A new world emerging

But nature dislikes a vacuum, and as traditional economic relationships and supply chains fracture and dissolve, new ones are likely to form. The BRICS nations appear increasingly ready and able to step into any gaps left by these global divorces. Beijing has already signalled its willingness to deepen economic ties with Canada as trade tensions escalate with the United States.


We’ve already seen what this shifting balance of power could look like. China's recent launch of DeepSeek – a lower-cost alternative to ChatGPT – caused more than $700 billion to be wiped from the value of US tech giants in a single day.


This raises an interesting question: if traditional trade relationships continue to deteriorate, how quickly will new ones form?

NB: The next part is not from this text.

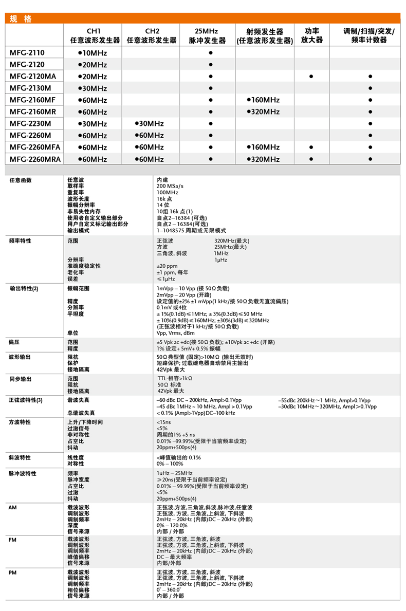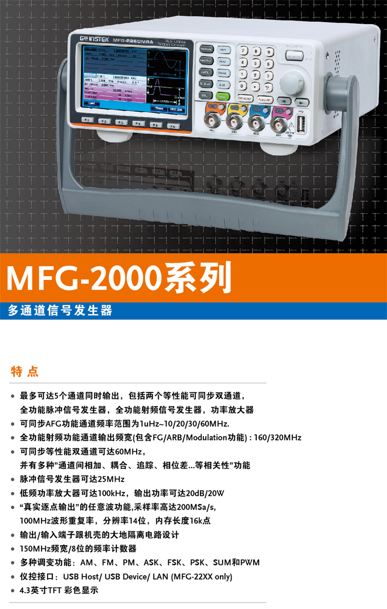 固纬MFG-2160MR任意波形信号发生器160/320MHz操作简单测量精准

And once new supply chains and markets are established, how likely are countries to revert to previous arrangements, even if conditions improve?


Planning in an uncertain world

For businesses and their accountants, this new reality demands a fundamental shift in planning approaches. Traditional budgeting processes often rely on historical data and relatively stable assumptions about market conditions. But how do you plan effectively when tariffs can change overnight, or when entire supply chains might need restructuring?


The key questions for businesses now include:

· Do we need to diversify our supply chains across multiple regions to reduce risk? What's the cost-benefit analysis of certainty versus efficiency?

· Should we prepare multiple budget scenarios based on different tariff outcomes? If so, what triggers should we establish for switching between scenarios?

· How do we balance the potential benefits of cheaper supplies or larger markets against the increasing compliance and political risks of international trade?

· What opportunities might emerge from this reshaping of global trade? Are there gaps we could fill or new markets we could enter?


A new approach to forecasting and budgeting

Perhaps the most crucial shift needed is in how we think about forecasting and budgeting. Rather than seeing this as an annual exercise in prediction, we need to view this as a dynamic tool for scenario planning. This means developing flexible frameworks that can adapt quickly to changing circumstances while maintaining enough structure to guide decision-making.


Last month, I wrote about the science and art of forecasting, arguing that the most valuable forecast isn't the one that proves the most accurate but the one that best helps us prepare for multiple possible futures. And that instead of predicting exactly what will happen, we need to build the capability to respond effectively to whatever does happen.


As accountants, our role must evolve from being guardians of historical accuracy to becoming strategic advisers who can help businesses navigate this uncertainty. This means developing new skills in scenario planning, risk assessment, and strategic analysis.


Wherever the pendulum swing lands, the end of globalisation as we know it isn’t just an abstract concept. Its impact will show up in every spreadsheet, forecast, and budget we work with. Today, as accountants, we need to do more than just track the numbers. We need to help our clients make sense of what's happening and adapt accordingly. The rulebook for international trade is being rewritten, and our job is to make sure businesses have the financial flexibility to handle whatever comes next.